Turkish central bank decided to ban all kinds of cryptocurrencies and their use in an overnight decision Thursday. The decision appeared as cryptocurrency volumes in the country surged 3,000 percent in the previous 12 months, primarily in the wake of the Turkish Lira’s decline against the US dollar and inflation rate topping at 16 percent last month.
Bitcoin Against Inflation
Speculators treat Bitcoin as a hedge against inflation and currency devaluation. It is typically because of the cryptocurrency’s limited supply cap of 21 million tokens — and its ability to operate independently as a payment settlement system, away from central banks’ and governments’ jurisdictions.
The renewed interest in the cryptocurrency came after Turkey’s President Recep Tayyip Erdogan sacked the central bank leader Naci Agbal, who had raised interest rates to limit the Lira’s decline. Economists saw it as a sign of more inflation and fiat devaluation.
In response, Bitcoin rose to fame in Turkey with its ask price on peer-to-peer exchanges reaching as high as $100,000 in mid-March after Agbal’s dismissal.
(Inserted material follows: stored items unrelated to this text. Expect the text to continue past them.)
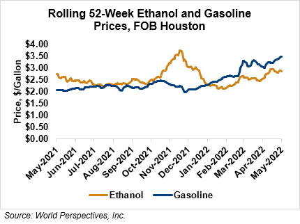 FOB Houston ethanol prices finished last week 0.8 percent higher but are down 0.3 percent through Tuesday’s trading from Friday’s close. FOB Houston ethanol prices are quoted at 75.55 cents/liter (285.99 cents/gallon). FOB Santos, Brazil anhydrous ethanol prices were lower last week; they are down in early week trading, falling 3.6 percent to 76.87 cents/liter (290.995 cents/gallon) through Tuesday’s trading.
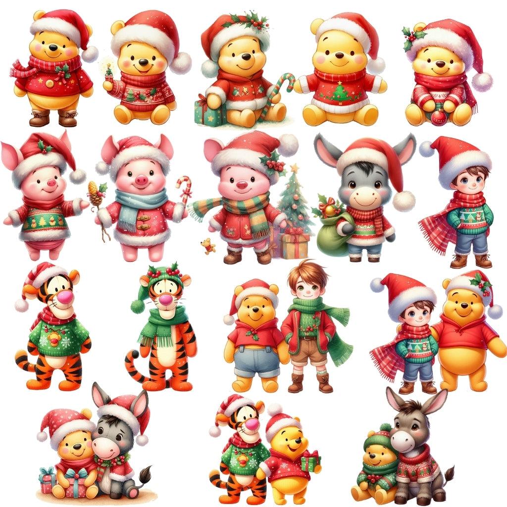 ✅ 17 Cliparts – Ilustrações do Ursinho Pooh, Tigrão, Leitão e elementos natalinos (PNG, fundo transparente)
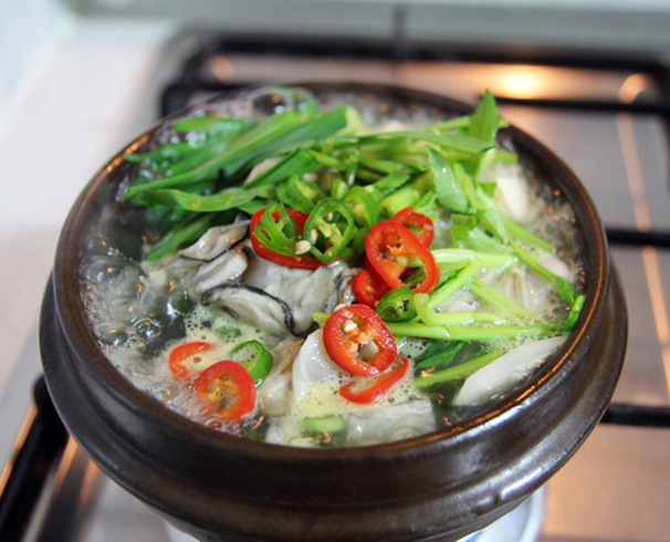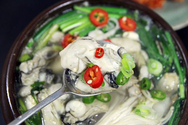 Chubby oysters in white broth… It’s delicious. It’s really cool and delicious.

With Bitcoin’s growing demand in international markets against similar concerns, its price surged to as high as $64,896 earlier this week. The benchmark digital asset started falling lower after establishing the said week. So it appears, Turkey’s ban merely accelerated the sell-off heading into the Friday session.
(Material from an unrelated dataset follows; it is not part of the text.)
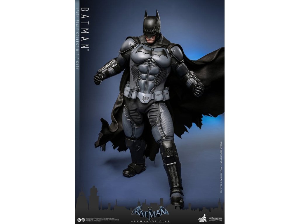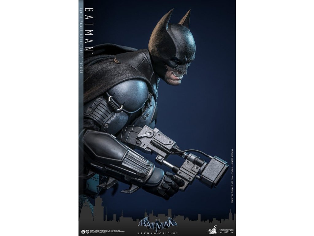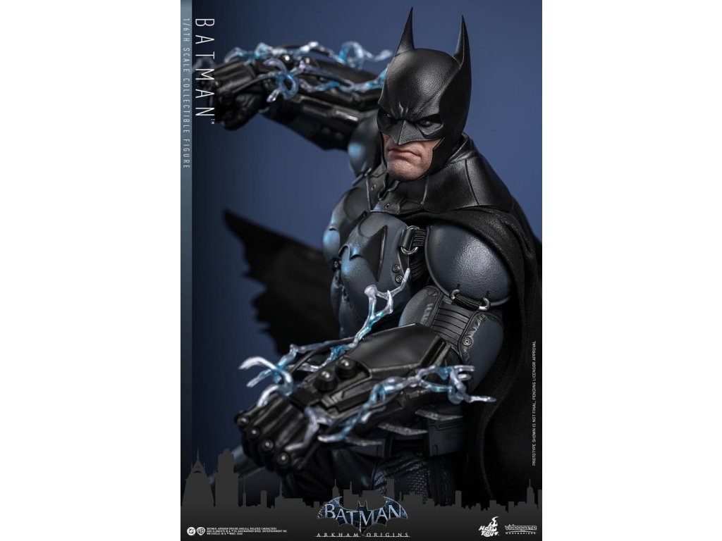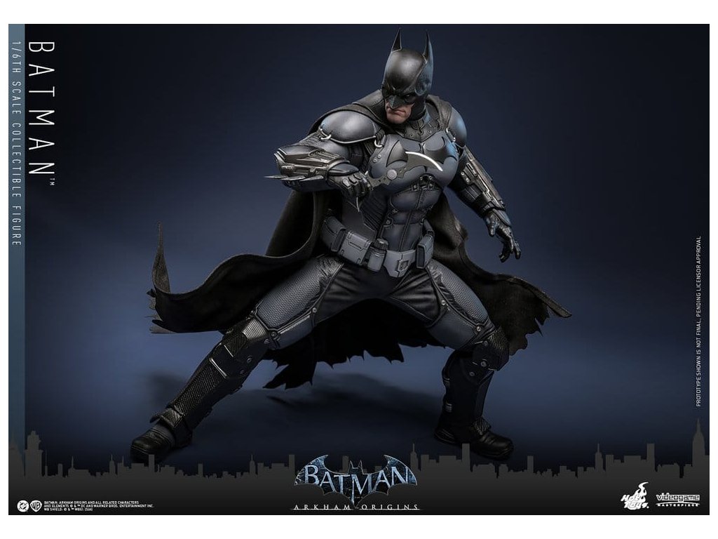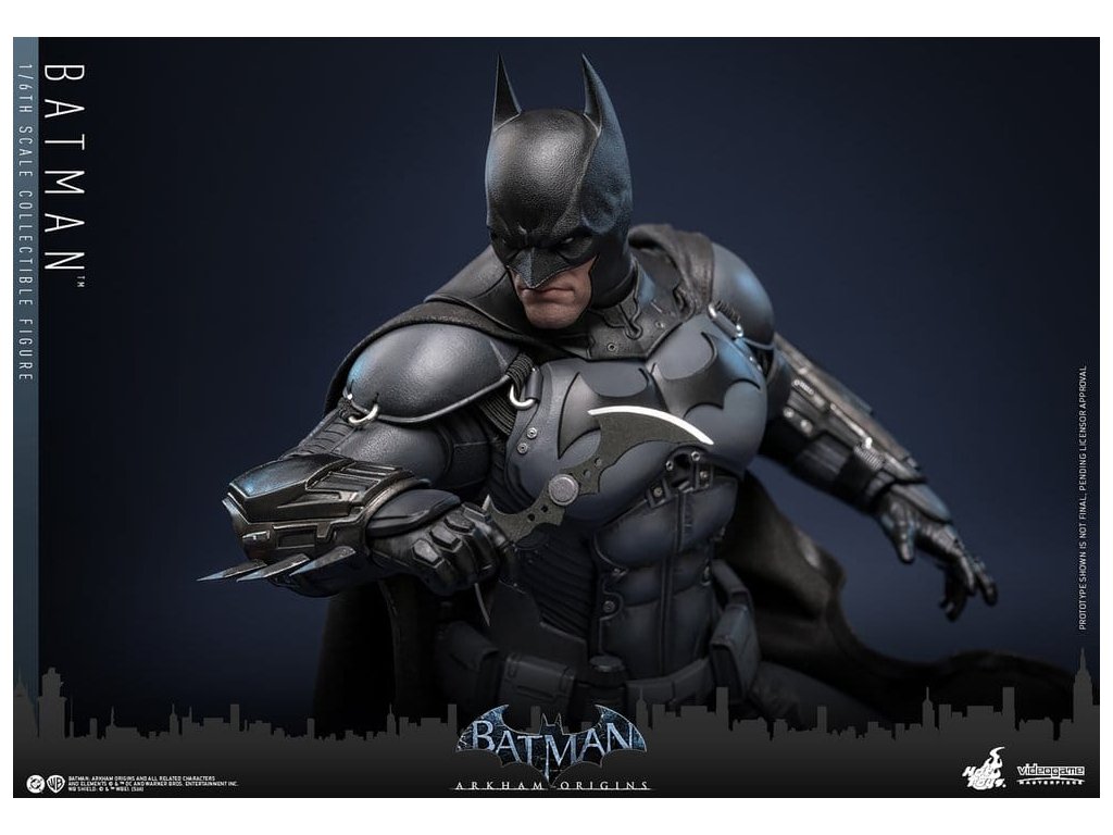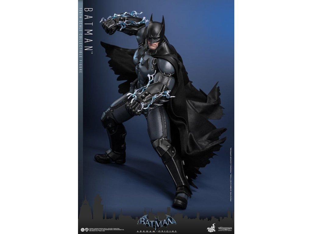 Videohra z roku 2013 Batman: Arkham Origins představuje hráčům prequel příběh odehrávající se několik let před Batman: Arkham Asylum a Batman: Arkham City. V Arkham Origins mladý, syrový a nevybroušený Batman čelí definujícímu momentu ve svém druhém roce jako ochránce Gothamu. Na zasněžený Štědrý den, když na něj Black Mask vypíše odměnu 50 milionů dolarů, se střetává s nejnebezpečnějšími žoldáky světa, včetně Killer Croca, Deathstrok a Bane. Uprostřed zmatků si vybuduje křehkou důvěru s několika členy GCPD a občany Gotham City. Sideshow a Hot Toys jsou hrdí na to, že mohou představit vysoce očekávanou sběratelskou figurku Batman™ v šesté škále z videohry Batman: Arkham Origins. Tato figurka v šesté škále má nově vyvinutou maskovanou hlavu se dvěma vyměnitelnými spodními tvářemi, které ukazují jak jeho zamračený výraz, tak jeho odhodlání a stisknuté zuby. Kostým Batmana je věrně zrekonstruován podle praktického designu hry, který je neforemný a obrněný, a obsahuje nově vyvinutý Batsuit s šedým a černým plně obrněným tělem vrstveným nad základní oblek na svalnatém těle. Pár těžkých rukavic, bot, užitkový opasek a plášť s dráty dokončují jeho oblek. Figurka také obsahuje pár desek s brněním Shock Gloves, které mají průhledné modré bleskové efekty, aby představovaly jejich elektrizovaný dopad. S sedmi výměnnými rukama, včetně pěstí, otevřených rukou a rukou držících zbraně, sběratelé mohou zobrazovat jeho dynamické pózy. Tato figurka DC Comics je vybavena arzenálem zbraní, které odrážejí Batmanovu inovaci v boji a utajení. Součástí je Grapnel Gun, Disruptor, Sonic Batarang, Batarang, Remote Claw, Smoke Pellet a Explosive Gel, které poskytují různé možnosti zobrazení a věrně reprezentují nástroje, které Batman používá v průběhu hry. Prezentace je dokončena speciálně navrženým stojanem na figurku. Tato dlouho očekávaná sběratelská akční figurka přináší původ Temného rytíře do života - nezbytný doplněk pro fanoušky Batman: Arkham Origins a pro každého, kdo oceňuje jemně vyrobené videoherní figurky. Orientační datum vydání: květen 2027
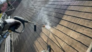 ホーム 〉 ブログ 〉 八女郡広川町アパート外壁屋根塗装中の様子

At its intraday low, bitcoin was trading for as low as $60,048.
Nonsense Ban
Ronnie Moas, the founder of Standpoint Research, took his Twitter account to rubbish theories that connected Bitcoin’s Friday decline with its ban in Turkey.
“[Bitcoin’s] 6 percent drop below $60,400 on news from Turkey is ludicrous,” the investment analyst tweeted. “Their leadership, led by Erdogan, is dysfunctional and Turkey accounts for less than 1% of the world population. Their currency (lira) has recently collapsed (and the opposition party is against this crypto ban).”
Bans have seldom translated into a bearish breakdown in the Bitcoin market. A strict call to ban crypto trading in September had done little to stop the cryptocurrency from climbing to its all-time high of $20,000. Speculation about a potential ban in India and Nigeria also resulted in nothing — bitcoin prices kept rising without breaking a sweat.
That is partly because placing a ban on Bitcoin is equal to barring the internet, says the US Securities and Exchange Commissioner Hester Peirce. She said:
“I think we were past that point very early on because you would have to shut down the internet. As I’ve said in the past, I don’t see how you could ban it … I think it would be a foolish thing for the government to try to do that.”
Banning cryptocurrency technically shifts otherwise visible trading firms underground. That was visible after the Reserve Bank of India imposed banking restrictions on local crypto companies. That resulted in a spike in peer-to-peer trading activities. Traders in China also used dark bitcoin channels to bypass capital controls.